REQUIREMENT
Everything in the entries is to be written out exactly, except for the pictures.
▼▼▼
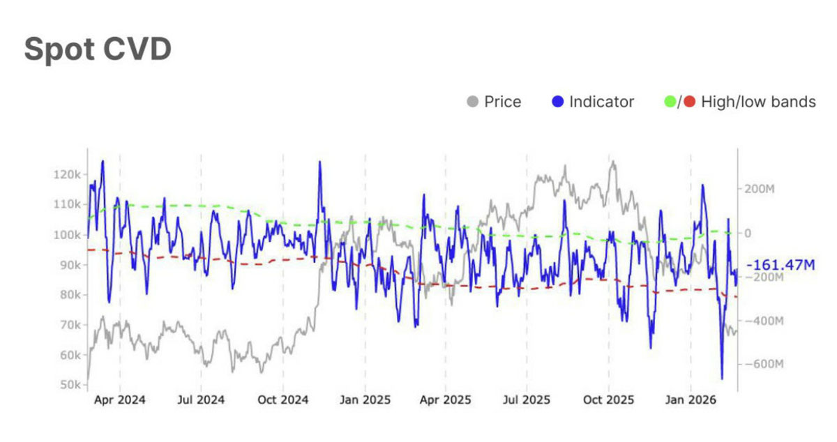 链上数据追踪比特币投资者收益率已回落至长期平均水平附近,表明估值可能正在经历一次重新调整。与此同时,加密货币交易所的订单流显示,激进的抛售压力有所缓解,尽管现货累计成交量差(CVD)仅小幅上升,但现货交易量却从76亿美元降至60亿美元。
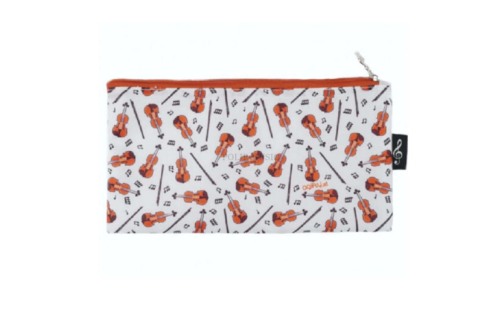 Fehér színű színes hegedű mintás tolltartó 24×12 cm AGP1036 Zenei ajándéktárgy
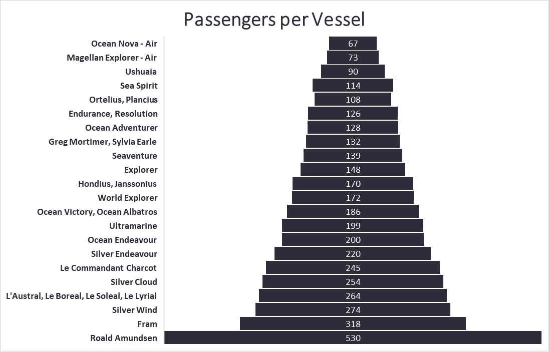 Vessel class: We separate the vessels into three main categories: Luxury Vessels, Premium Expedition Vessels, and Expedition Vessels. Luxury vessels were designed or refurbished for tourism, and tend to have more modern features and amenities, with fine dining and more of a “hotel” feel. Premium Expedition Vessels provide very comfortable surroundings and first-class service while maintaining the feel of a ship that is designed for expedition cruising. Expedition vessels are more utilitarian vessels that are built for expedition cruising and provide good service with comfortable but basic accommodations. Below you will find the vessel list broken down by class.
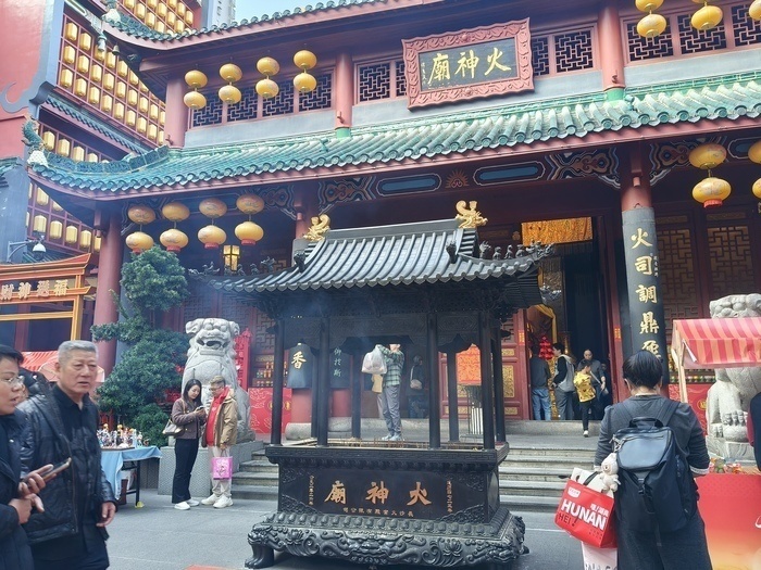再穿过一条流光溢彩、充斥各种中国元素的“烟火市集”,来到广场,左面即是雕梁画栋的火神庙。环视场内,人们很容易被四周热气腾腾的小吃摊吸引,有热辣咸香的湖南非遗特产臭豆腐、醇厚的芝麻豆子茶,油锅里滋滋响着的糖油粑粑、清甜的长乐甜酒……把湖南人的“爱吃”体现得淋漓尽致,外地的游客边吃边逛,甚至不用走到“小吃王国”,就能吃个半饱。
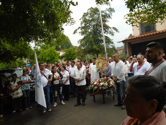Así se recorrieron y caminando por las calles, varias horas, cargando a CRISTO, en su Custodia. CUSTODIADO por, los Grupos Apostólicos como: La Adoración Nocturna con sus Banderas, Grupo de Monaguillos, Matrimonios, Niños, Niñas del Catecismo. Y personas de la Comunidad y Pueblo en general. Y para proteger la CUSTODIA”. Se montó con la ayuda de todos los grupos de la Parroquia. Donde todos protegieron “LA CUSTODIA con el SANTISIMO, el Cristo Vivo”. Todos los Vecinos Feligreses y Personas presentes. A su pesó, se dejaron ver contentos y a la vez Fascinados con Cantos, Gritos, Aplausos y Porras, al paso del CRISTO VIVO por sus Barrios y Calles.
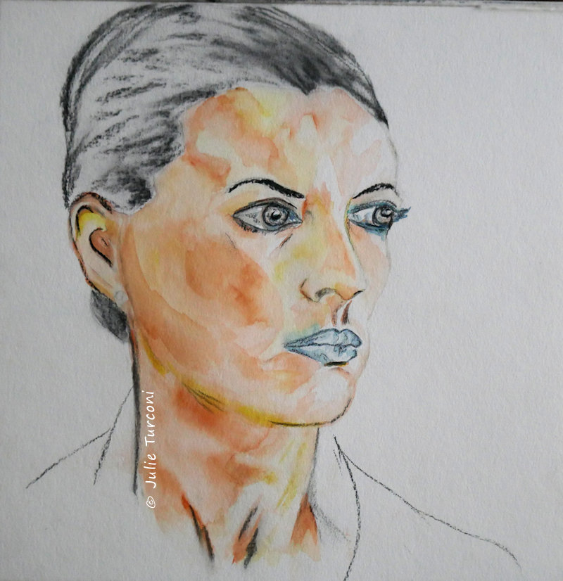 - Marion – aquarelle et fusain, 12 x 12 po – 2019
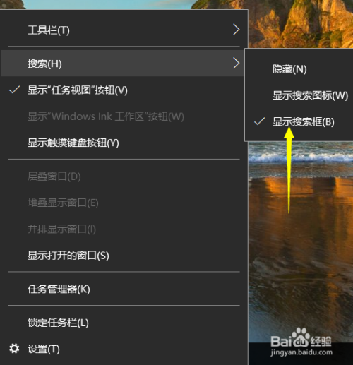 若是是win10系统的话可以直接鼠标右击使命栏按照下图依次显示搜刮图标,直接搜刮显示设置即可。
▲▲▲
EXERCISE SOLUTION
 链上数据追踪比特币投资者收益率已回落至长期平均水平附近,表明估值可能正在经历一次重新调整。与此同时,加密货币交易所的订单流显示,激进的抛售压力有所缓解,尽管现货累计成交量差(CVD)仅小幅上升,但现货交易量却从76亿美元降至60亿美元。
 Fehér színű színes hegedű mintás tolltartó 24×12 cm AGP1036 Zenei ajándéktárgy
 Vessel class: We separate the vessels into three main categories: Luxury Vessels, Premium Expedition Vessels, and Expedition Vessels. Luxury vessels were designed or refurbished for tourism, and tend to have more modern features and amenities, with fine dining and more of a “hotel” feel. Premium Expedition Vessels provide very comfortable surroundings and first-class service while maintaining the feel of a ship that is designed for expedition cruising. Expedition vessels are more utilitarian vessels that are built for expedition cruising and provide good service with comfortable but basic accommodations. Below you will find the vessel list broken down by class.
再穿过一条流光溢彩、充斥各种中国元素的“烟火市集”,来到广场,左面即是雕梁画栋的火神庙。环视场内,人们很容易被四周热气腾腾的小吃摊吸引,有热辣咸香的湖南非遗特产臭豆腐、醇厚的芝麻豆子茶,油锅里滋滋响着的糖油粑粑、清甜的长乐甜酒……把湖南人的“爱吃”体现得淋漓尽致,外地的游客边吃边逛,甚至不用走到“小吃王国”,就能吃个半饱。
Así se recorrieron y caminando por las calles, varias horas, cargando a CRISTO, en su Custodia. CUSTODIADO por, los Grupos Apostólicos como: La Adoración Nocturna con sus Banderas, Grupo de Monaguillos, Matrimonios, Niños, Niñas del Catecismo. Y personas de la Comunidad y Pueblo en general. Y para proteger la CUSTODIA”. Se montó con la ayuda de todos los grupos de la Parroquia. Donde todos protegieron “LA CUSTODIA con el SANTISIMO, el Cristo Vivo”. Todos los Vecinos Feligreses y Personas presentes. A su pesó, se dejaron ver contentos y a la vez Fascinados con Cantos, Gritos, Aplausos y Porras, al paso del CRISTO VIVO por sus Barrios y Calles.
 - Marion – aquarelle et fusain, 12 x 12 po – 2019
 若是是win10系统的话可以直接鼠标右击使命栏按照下图依次显示搜刮图标,直接搜刮显示设置即可。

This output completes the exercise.